TASK REQUIREMENTS: Up to and including the line that holds "This glamorous Crystal-embellished", copy every line of the records below exactly, starting at the first; leave pictures out.

______

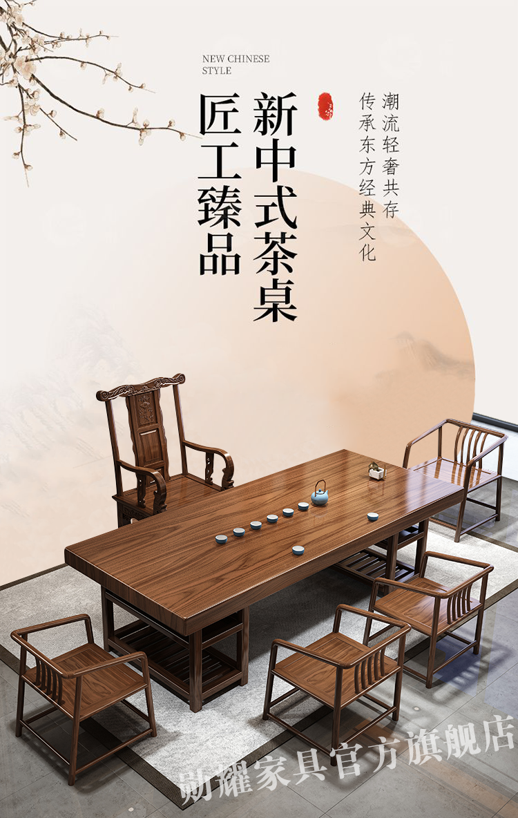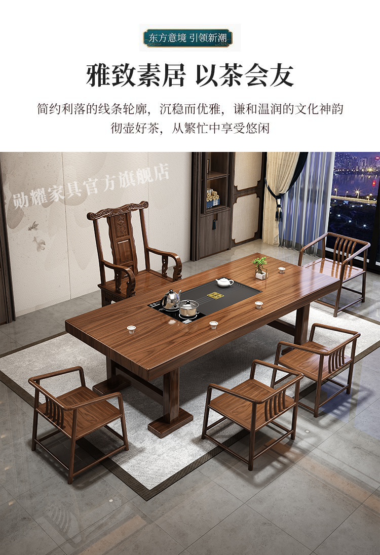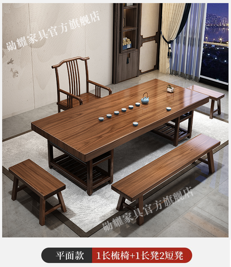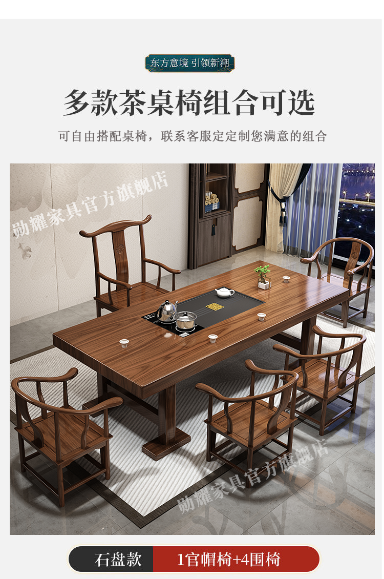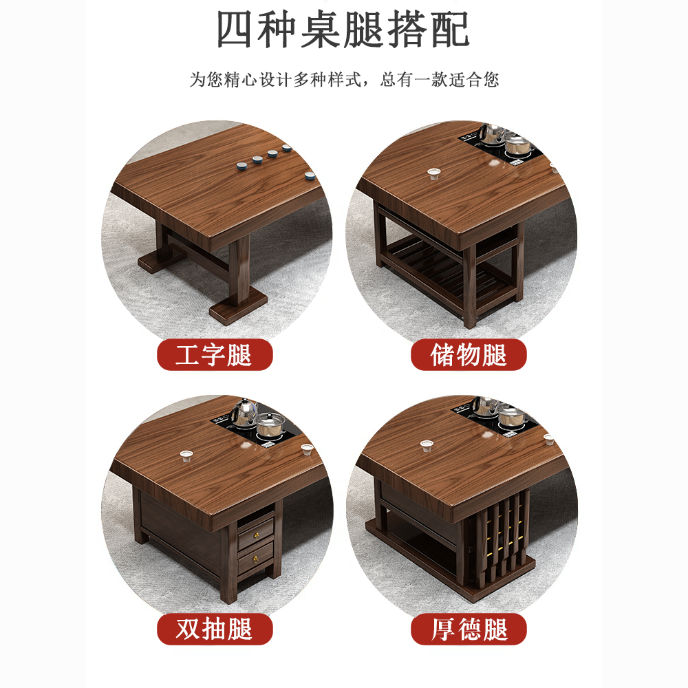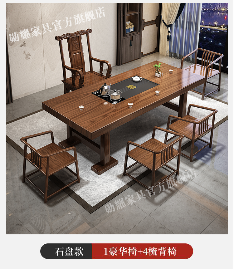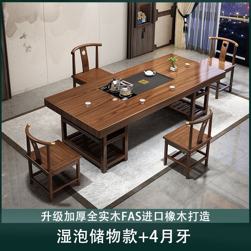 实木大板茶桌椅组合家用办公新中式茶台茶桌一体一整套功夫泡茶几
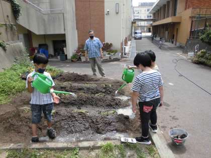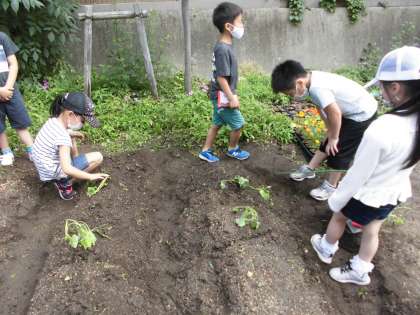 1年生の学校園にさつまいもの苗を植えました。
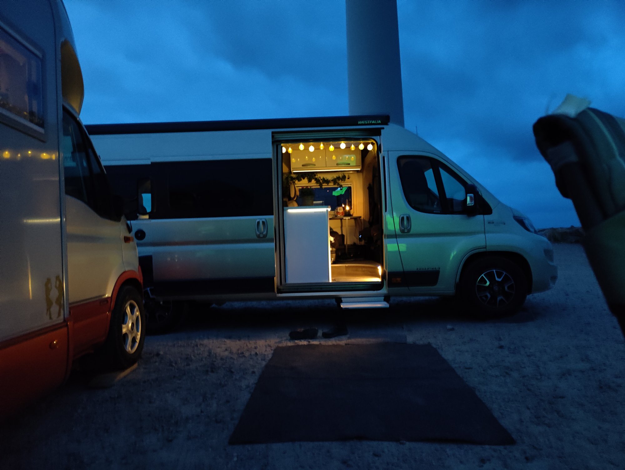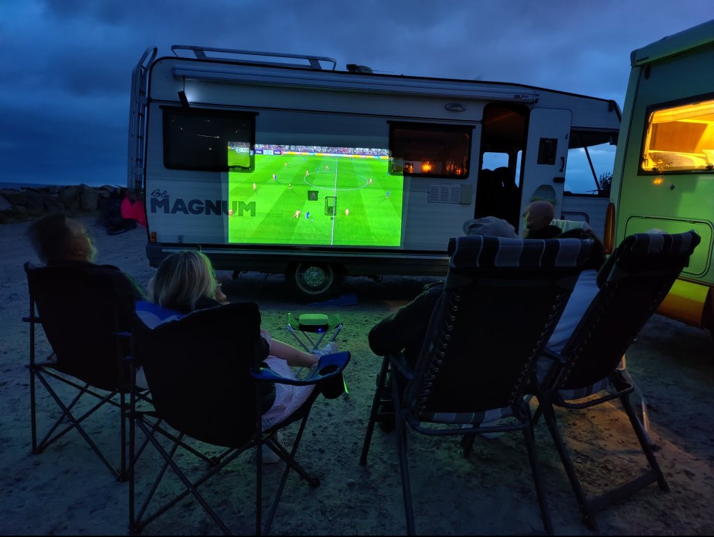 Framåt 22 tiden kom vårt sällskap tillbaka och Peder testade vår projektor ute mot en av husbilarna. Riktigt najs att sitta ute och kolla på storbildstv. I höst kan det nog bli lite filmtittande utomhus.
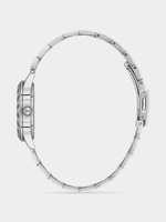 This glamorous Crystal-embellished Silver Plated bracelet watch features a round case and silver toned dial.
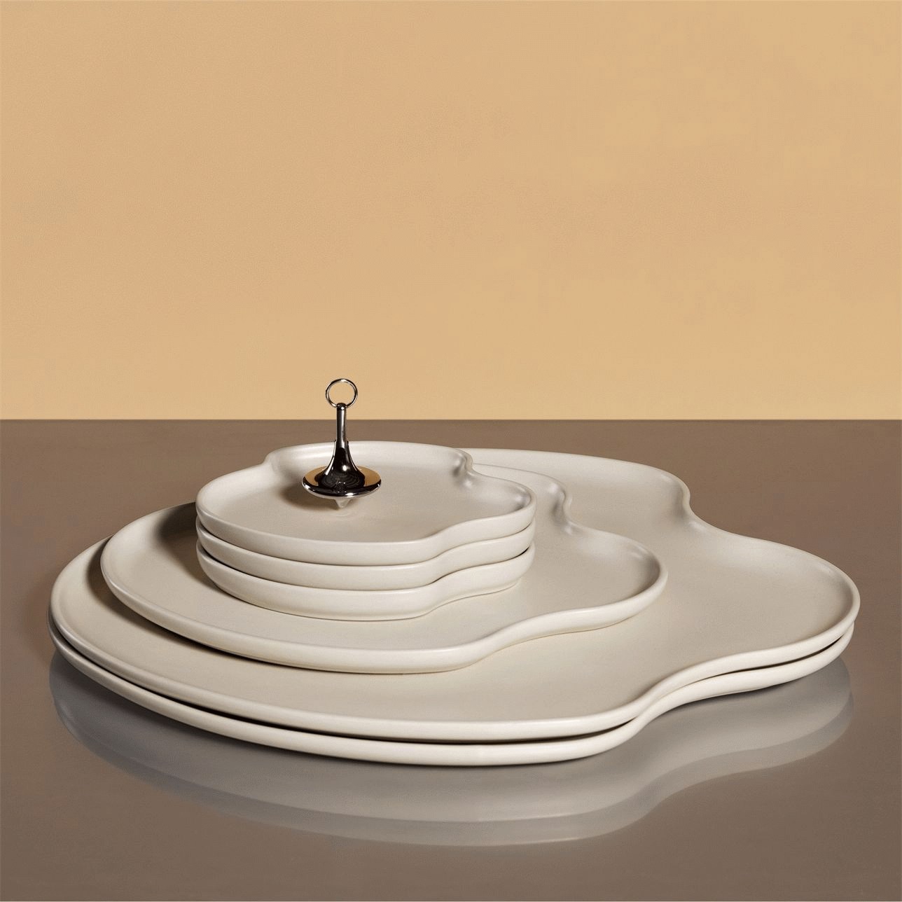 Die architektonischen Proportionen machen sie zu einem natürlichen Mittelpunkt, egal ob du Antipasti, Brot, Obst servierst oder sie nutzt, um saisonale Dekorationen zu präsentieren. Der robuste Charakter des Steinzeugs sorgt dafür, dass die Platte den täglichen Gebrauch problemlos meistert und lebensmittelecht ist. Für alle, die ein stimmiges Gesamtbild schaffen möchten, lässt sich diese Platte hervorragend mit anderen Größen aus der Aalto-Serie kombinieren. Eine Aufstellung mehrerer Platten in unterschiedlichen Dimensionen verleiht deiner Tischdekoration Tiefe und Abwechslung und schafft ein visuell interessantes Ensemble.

______

OUTPUT FOR THIS TASK:
 实木大板茶桌椅组合家用办公新中式茶台茶桌一体一整套功夫泡茶几
 1年生の学校園にさつまいもの苗を植えました。
 Framåt 22 tiden kom vårt sällskap tillbaka och Peder testade vår projektor ute mot en av husbilarna. Riktigt najs att sitta ute och kolla på storbildstv. I höst kan det nog bli lite filmtittande utomhus.
 This glamorous Crystal-embellished Silver Plated bracelet watch features a round case and silver toned dial.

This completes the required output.